Within a couple of hours we discovered that our prayers were answered.

As we continued along the sunny path to our second camp, around a peaceful bend in the trail I heard the galloping of what sounded like horses. I yelled to Sarah to get out of the way of what looked like two horses. Within a split second she was running towards me and I realized they were not horses but two very large grizzlies, now within 30 ft of me.
What I discovered about myself at that moment is that when faced with danger, I stay pretty cool, and, am kind of stupid.
I stood there with my bear spray in my left hand as my right was clicking shots off the camera hanging from my neck.
After three shots, the second of the two beasts gave me a doubtful look, at which moment I ceased shooting. I looked him straight in the eye, something you are not supposed to do (nor are you to run away from them because they will think you are prey). I wanted to show him that all was well and that I meant no harm. After briefly considering us an aperitif, the two grizzlies disappeared into the bush, and the realization of how lucky we were reverberated throughout our entire being. Never the less, for the next hour I walked with bear spray in one hand and my army knife in the other. From that moment, every sound of grass rustling in the wind gave us a start.
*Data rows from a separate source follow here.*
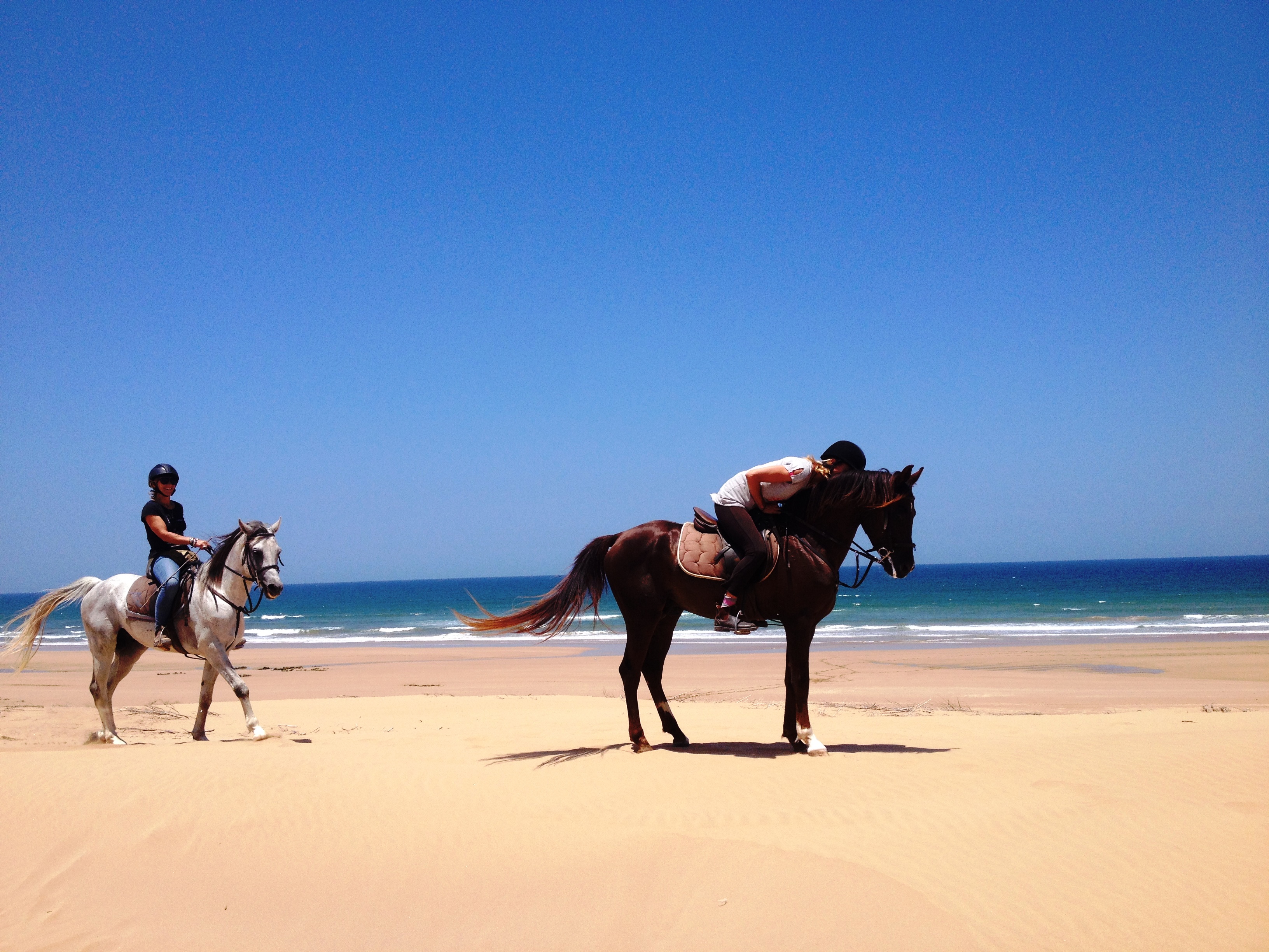 Our experts will provide an introduction before starting your riding adventure along the fantastic beach where you pass along the seaside to the dunes until a little fisher village. You will turn back passing the forest of Eucalypti and Mimosa. This ride is adapted for sportive beginners and as well for children with horse experience. In our service is included the transfer between Essaouira and our Ranch.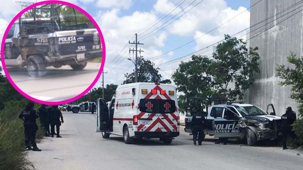 Policías de las patrullas 5707 y 5761 alertaron a sus compañeros sobre un choque con lesionados en la Región 207, sobre avenida 20 de noviembre, por lo que agentes de la Policía Quintana Roo se trasladaron a la zona, para descubrir que el percance era entre dos vehículos de Seguridad Pública.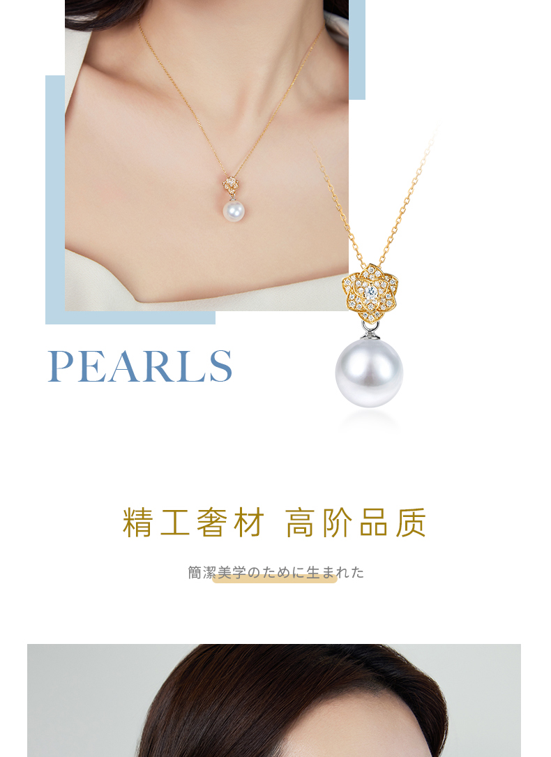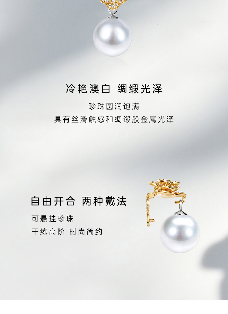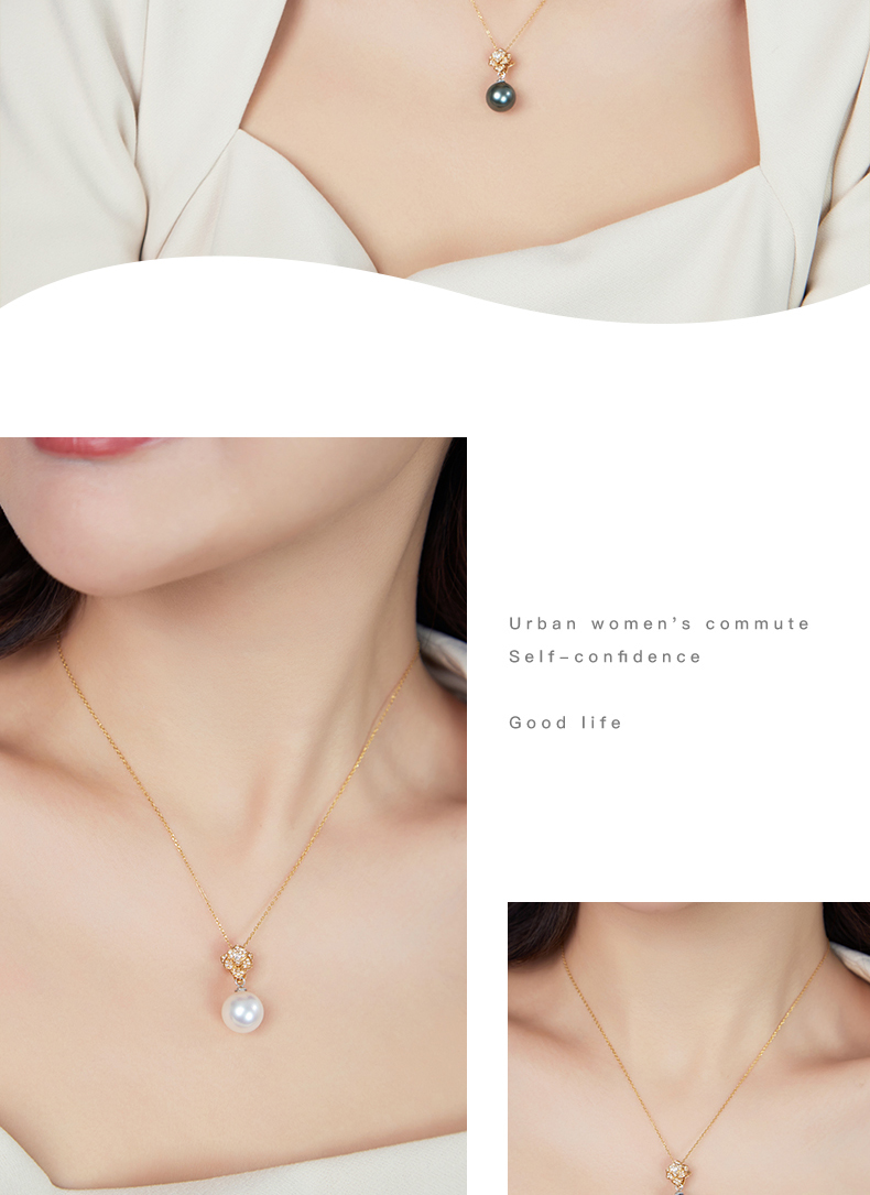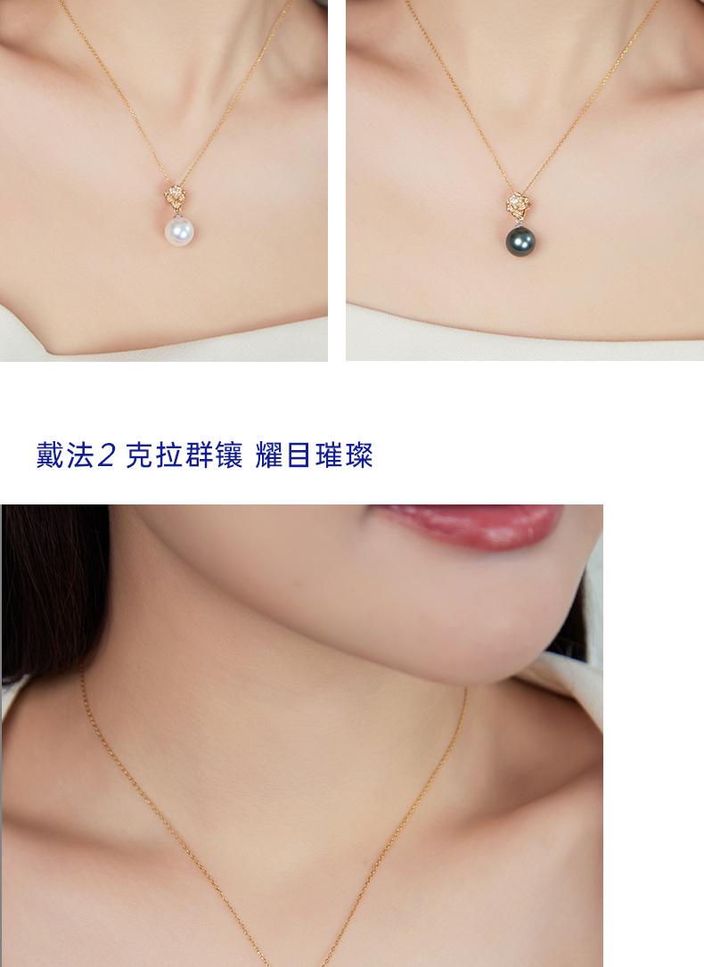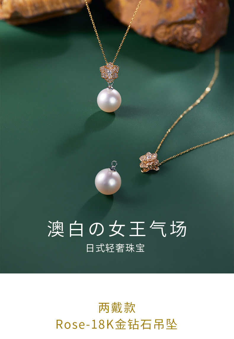 【天猫同款】18k金两戴款钻石珍珠吊坠 Rose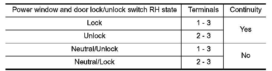 Check continuity between power window and door lock/unlock switch RH terminals.

As we walked through thick patches of berry, my mind kept wandering to only a few hours before when Sarah and I found ourselves, once again in only what nature gave us, sitting on a gently sloping rock that lead into an upper, tucked away, terrace of a waterfall. The peaceful moments when my hands were on her shoulders, then her hair… I felt free and blissful, and as the sun re-emerged from behind the cloud, our lips met and I felt her warmth and softness against my chest. Oh the ease with which a mind can soar when bodies thus enveloped surrender the artificial chains thrown about them, and suffer freedom to enter once again…

My heart was slowly resuming its normal rhythm as we began approaching our new camp site. Along our traverse we saw a moose emerge from a small lake nearby; at that moment it seemed a perfect scene – our witnessing the natural order and routine of Glacier and its residents.

We reached the site shortly thereafter and found the three girls who camped near us the night before, along with two guys from Chicago, gathered in the cooking area – an unfortunate coincidence of groups meeting in an otherwise isolated part of the park. We were very hungry and the day was quickly drawing to a close, so after quickly breaking camp we joined the rest of our neighbors. Minutes after our food was ready we noticed the very same moose we saw earlier, grazing within 60ft of us. This could have been the beginning and the end of that encounter, however, the gentlemen from Chicago thought it a good idea to approach the moose for some portraits, you know, keepsakes and all that. The rest of the night went rather quickly into the abyss of fear and uncertainty.

At first the cow (female moose) started huffing and pricked up her ears, but the guys did not heed this obvious sign of hostility; by the time they did, she was in full territorial mode – mounting posts and rubbing her scent on the bushes and trees. Then, as we sat nervously watching her and eating our supper, she charged us.
If you can imagine for a moment what 1000lbs of territorial tank like mass rushing at you, against which running, knife, or spray no chance, then you will understand fear.
We ran so fast – but we knew there was almost nowhere to go, nor could we outrun a moose. We took “refuge” on some logs lying by the shore of the lake and behind some small trees and bushes. These served little purpose other than to give our minds the illusion that at least we were safer there. Breathless and shaking with fear we decided to see if she was still there, so the other two guys and myself snuck up to a nearby tree – she saw us and charged again! This time we retreated for good.
She continued sniffing around, taking her time, all the while it was getting dark and cold in that rapid manner particular to the mountains. We stood around shaking for some time, but soon realized that we must ascertain her intent before it got too late. The three of us again ventured out to see where she was. We only had one good headlamp between us, so we crept slowly, barely breathing, knife and bear spray in hand – knowing full well that they are useless. I looked like a bad combination of Rambo and Elmer Fudd.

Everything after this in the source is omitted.